Butterfield continues, “If you want to share the gospel with the LGBTQ community or anyone who will lose family and homes, the gospel must come with a house key” (96). For many of our neighbors, the invitation to our homes may be the first opportunity they have to enter a Christian home and see a cross-shaped life. This is a great privilege to be stewarded with much prayer.

The key to properly understanding Butterfield’s book is correctly distinguishing between its prescriptive and descriptive elements. Some have remarked at the truly radical nature of the Butterfield family’s model of hospitality. The believer who may have yet to consider the call of hospitality on their own life could easily, and understandably, be overwhelmed by the thought of preparing and hosting neighbors and strangers in their living room every single night of the week—in addition to the countless other ways the Butterfields sacrificially serve their community each and every day.

Butterfield would not have the reader leave her book feeling discouraged or inadequate but, rather, equipped and encouraged to do the hard and joyful work of showing Christ in the most practical ways. Butterfield did not set out to fully detail the endless ways one can be hospitable but beautifully tells one story of how her family has chosen to live out this call to welcome and care for strangers.

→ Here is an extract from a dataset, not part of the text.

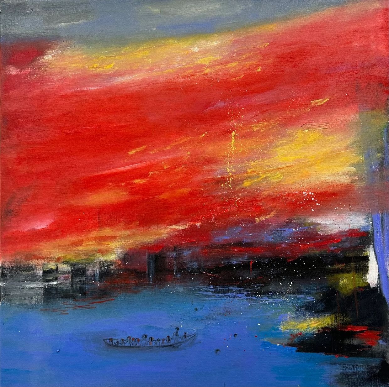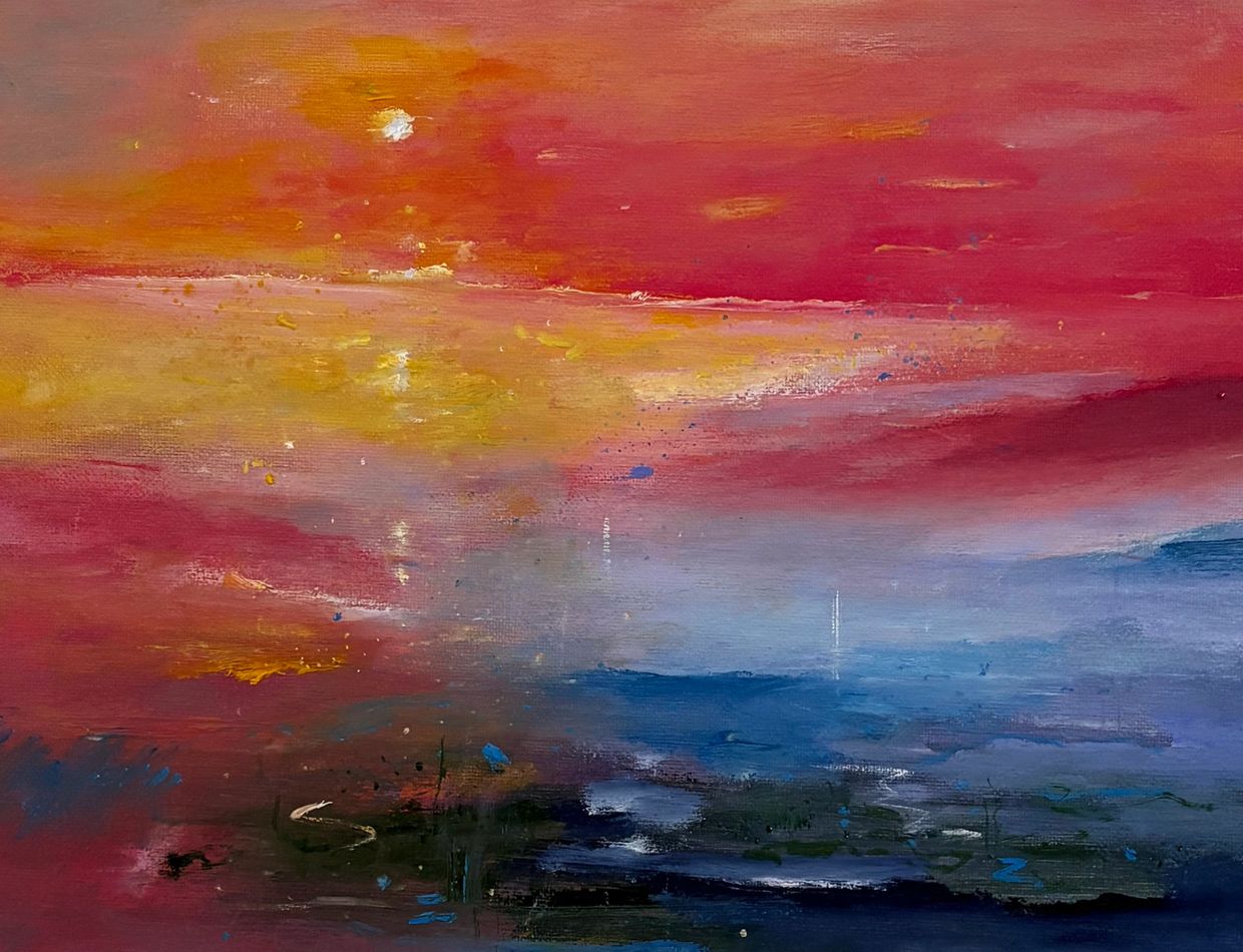 Sunrise (2026), Oil, charcoal, and crayon on canvas, 38 x 43 cm

This can be lived out—in full accordance with the Word of God—in many ways that may look different from the picture Butterfield lays out in her book.

“Start anywhere. Start today,” Butterfield urges. “One logical place to start is at the end of your driveway” (62). Radically ordinary hospitality exists as a ray of hope restoring dignity to our neighbors—the prisoner, the immigrant and refugee, the drug addict, and the dying.

In an age marked by loneliness and depression, Butterfield encourages the reader to see hospitality as a way of life, putting ourselves in front of people in need: “Know that someone is spared the fear and darkness of depression because she is needed at your house, always on the Lord’s Day, the day she is never alone but instead safely in community where her place at the table is needed and necessary and relied upon” (111).

As God welcomes us as his sons and daughters, calling us his friend, let us do the same with our neighbors, seeing each as worthy of hospitality because they bear the Imago dei. As we do, we await the day when true flourishing—shalom—is the mark of all of creation.